Jeff Charbonneau closed the ISTE 2014 conference with his keynote focused on “What if.”  He reminded the audience to keep kids at the center of what we do and that good teaching hasn’t changed, just the tools.  Also, as educators we must give our students the skills and techniques then allow them the freedom to grow and become independent thinkers, problem solvers to be successful in no matter what they encounter in the future. He asked educators, What if:
  • We started looking at different things? What if we all started working together?
  • We get asked to do something we know NOTHING about, and we just say “Yes”.
  • The desire to invent, the desire to create was what drove you?

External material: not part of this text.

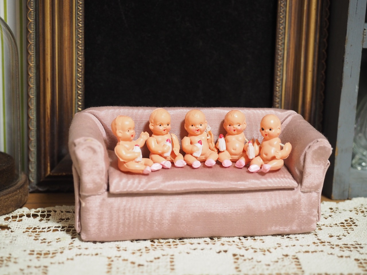 お座り姿で約3.5㎝の小ささですが、腕はゴムジョイントで右手に哺乳瓶を持っています!
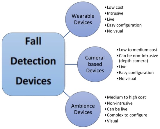 Fall detection: fall detection techniques can be classified into three basic categories: (i) wearable devices, (ii) camera-based devices, and (iii) ambience devices. The categorization of fall detection is presented in Figure 3. In the wearable devices approach, some wearable gadgets or garments need to be worn by the people at risk of a fall. These devices sense the information regarding the body posture or the movement and then some algorithm processing this information decides whether it is a fall or not. The decision is then communicated to the pre-specified caregivers. However, the use of wearable devices seems to be very intrusive and an extra overhead to some users. They do not want to bother to keep on wearing any device all the time. Moreover, there is an issue regarding the placement of the device. Some activities, such as sleeping and walking, might displace the device from its original location and may result in less accurate results.

What if it gave you the courage to do something different?
  • We had the courage?
  • We asked our students to be a little more self-sufficient? BEFORE we made them more group-sufficient.
  • We accepted the fact that we don’t have to be pigeon-holed into our subject areas?
  • We abandoned our comfort zones? We dress and act differently for our kids, why don’t we do it in other areas? What if we got uncomfortable for our profession? It’s time we got uncomfortable!